Cela représentera un long travail, mais nous savons que les procès-verbaux des séances des Conseils de paroisse doivent être soigneusement conservés, de même que ceux des séances du Conseil synodal (Exécutif). Des dispositions sont prévues dans notre Règlement ecclésiastique (RE).
Pourquoi votre gestion RH n’est-elle pas centralisée?
Deux facteurs peuvent l’expliquer. L’histoire de l’EERF, d’abord, qui s’est développée de manière régionale, en lien avec l’installation progressive de protestants dans certaines parties du canton. La volonté du Synode, ensuite, qui résiste à la centralisation, invoquant le principe de subsidiarité et le besoin de flexibilité dans les questions liées au personnel. Mais de plus en plus de signes montrent que les exigences en matière RH sont devenues aujourd’hui trop complexes pour être assumées dans les seules paroisses.
Précisément, quelle est la règlementation en vigueur quant à l’archivage des dossiers RH au sein des paroisses fribourgeoises?
L’archivage des dossiers RH au sens des documents personnels (CV, postulation, certificats, correspondances, etc. dure dix ans ans après le départ). Mais la partie décisionnelle qui les concerne est retenue dans la documentation de séance des Exécutifs, et est donc soumise aux règles de confidentialité et à la systématique de conservation des procès-verbaux. Ceux-ci doivent être gardés en sécurité pour une durée illimitée (article 119 du RE). Il convient de préciser que l’archivage est une étape dans un ensemble plus large, incluant la convocation aux séances, la transmission des informations au sein des organes, les processus de décision et la signature des documents. Ce système, fondé sur l’exigence de collégialité et la surveillance mutuelle, limite les dissimulations. Cependant, pour assurer une bonne vigilance, les responsabilités au sein des collèges exécutifs doivent être sans cesse rappelées.
Peut-on être sûr que les archives des différentes paroisses ont bien été conservées?
Les paroisses sont tenues d’appliquer les règles en vigueur.
En cas de souci, les paroisses sont-elles néanmoins tenues de faire remonter les cas problématiques au Conseil synodal?
Concernant les membres de l’assemblée des pasteurs et diacres ainsi que les autres personnes élues, les paroisses doivent faire remonter toutes les affaires disciplinaires au Conseil synodal, qui va ensuite les traiter. Concernant les autres membres du personnel paroissial, la responsabilité disciplinaire incombe aux Conseils de paroisse.

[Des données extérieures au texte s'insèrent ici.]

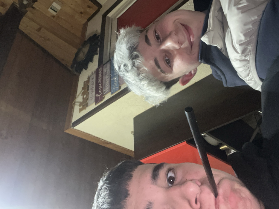 Two young males are depicted indoors in what appears to be a residential or casual setting within Botevgrad, Bulgaria. The specific location within the city cannot be visually confirmed beyond an interior space. The ceiling is dark brown, possibly wood-paneled, with light-colored walls. A multi-layered wall decoration featuring phrases like "Home is where love resides" and a dark, ornate wall ornament are visible in the background. The individual on the left, partially cropped, has dark hair and a wide-open right eye, looking towards the camera. A black, cylindrical object, consistent with a vaping device or hookah mouthpiece, is held in their mouth. Their left hand, covered by a black glove, is visible below the object. The individual on the right has light, silver-blonde curly hair on top and darker hair on the sides. They are smiling broadly at the camera, wearing a dark blue hooded top under a light-colored puffer vest or jacket. A dark brown cabinet or shelf unit with red accents is partially visible behind the left individual.

A vos yeux, cette politique d’archivage devrait-elle être améliorée ou modifiée?
Notons d’abord que l’Eglise réformée suit les normes en vigueur dans les autres institutions ou entreprises, en lien avec les lois civiles. D’autre part, la politique d’archivage obéit à l’évolution de la technique et des besoins dans notre société.
C’est-à-dire?
Nous avançons vers des archivages électroniques, qui ont de nouveaux standards. Et nous voyons, concernant les besoins, que les constellations professionnelles présentant un fort caractère relationnel (par exemple, dans les domaines religieux, pédagogiques, médicaux, sportifs ou associatifs) nécessitent des mesures accrues de prévention et de protection, en considération notamment des personnes en situation de subordination ou de fragilité. Dès lors, la liste des documents à joindre à un dossier RH augmente et va sans doute encore augmenter. Elle va aussi probablement se complexifier juridiquement, en lien avec les lois touchant à la protection des données et de la personnalité.
Pour finir, l’EERF est-elle favorable à une enquête concernant les potentiels cas d’abus commis au sein des Eglises réformées?
Oui, l’EERF souhaite qu’une enquête puisse être faite. Afin que les victimes soient entendues, et de manière professionnelle. Et pour que tout défaut de vigilance soit rapidement corrigé. L’Eglise doit être un lieu sûr.